The cells that produce dopamine may only comprise a miniscule .0005% of the human brain, but dopamine levels dictate a variety of human behaviors. Studies show that this one chemical actually tells us which political party we lean towards, with more dopaminergic people following more liberal parties and those with less dopamine populating a more conservative ideology. Still, dopamine is only one neurotransmitter in the multitudinous story of the human brain. More influential than dopamine are the other factors that weigh on a person’s personality, such as upbringing, habits and genetics.

Scientists at the University of California conducted research which found that a particular gene of human DNA, the DRD4 gene or the 7R allele, conducts the risk-taking and novelty-seeking portions of our lives. Their research also showed that this dopamine-driven gene is more common in populations that had migrated from their original land. With every 1,000 miles traversed through unknown territories and inhospitable climates, the likelihood of a 7R allele appearance increased by 4.3%. Such attributes were beneficial to our early ancestors just as they allowed for our more recent relatives to establish countries despite fear and difficulty. In fact, the United States boasts a highly dopaminergic population due to its assemblage of immigrants. 

Dopamine is the force behind relentless innovation, but it fails to unlock arguably the most talked about, philosophized, sought-after human experience—happiness. The authors advocate for a better balance of the dopamine neurotransmitter with other brain chemicals like serotonin in order for the brain to maintain a better, more contented balance. Knowledge of the brain’s internal activity may be the first step towards fostering this more equitable relationship within the mind. While dopamine is a force of unconquerable progress, it also prevents people from taking the time to consider the consequences of their achievements, which may not be as wholly positive or beneficial as they seem. Advancements in industry and technology, like the growth of Artificial Intelligence, present society with new, oftentimes dangerous dilemmas.

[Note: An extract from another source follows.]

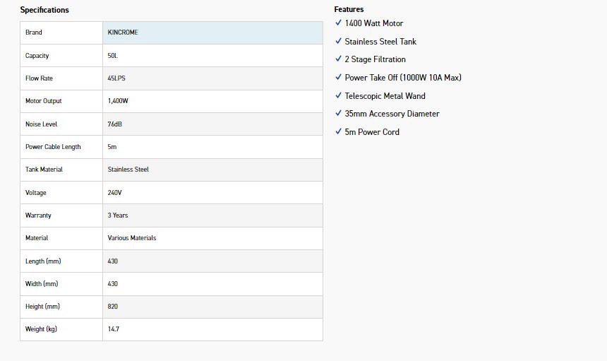 KINCROME KP704 VACUUM W&D 50LT S/S TANK PTO
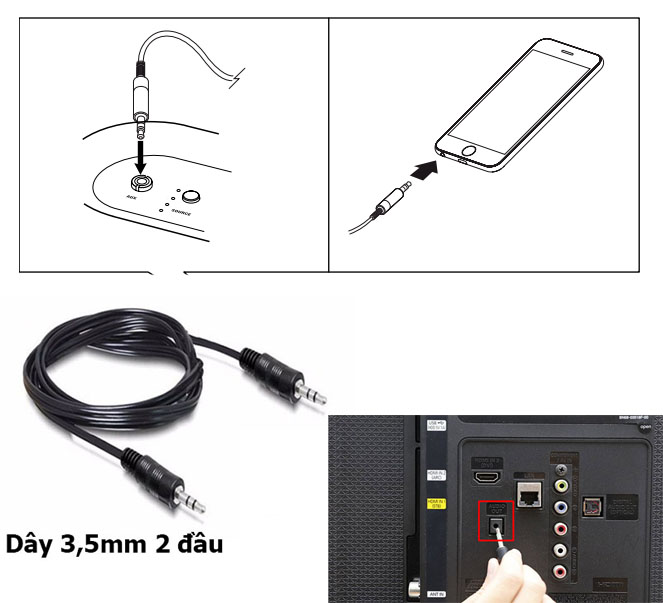 Cổng AUX: Sử dụng cáp âm thanh 3.5mm để kết nối thiết bị phát không có Bluetooth. Cắm một đầu dây vào cổng AUX trên loa và đầu còn lại vào thiết bị phát nhạc.

In an era of constant information, it’s a challenge to bypass the trap of the solely dopaminergic way of life. An appreciation for the present is a difficult mentality to cultivate, but it is integral to happiness and satisfaction beyond endless, exhausting achievement. Paying attention to your surroundings in the moment actually works to release dopamine as it unleashes a wealth of new and surprising events that you can only experience through active awareness. Modern-day habits of multitasking rail against this, actually proving to be incredibly inefficient since your brain must split its energy between two tasks, neither one done properly. One way to create a more balanced mind is to create. It’s simple. Creative activities like knitting, gardening, or cooking engage the physical world with the hands, unlocking benefits for the dopaminergic and non-dopaminergic chemicals in the brain.

Though it can be counter-cultural and chemically difficult to dim your dopamine and grow grateful for the physical moment, it’s rejuvenating. Understanding just a fraction of the human brain illuminates a surprising range of human experiences and empowers individuals to live more mindfully, turning away from complacency and nurturing the moment.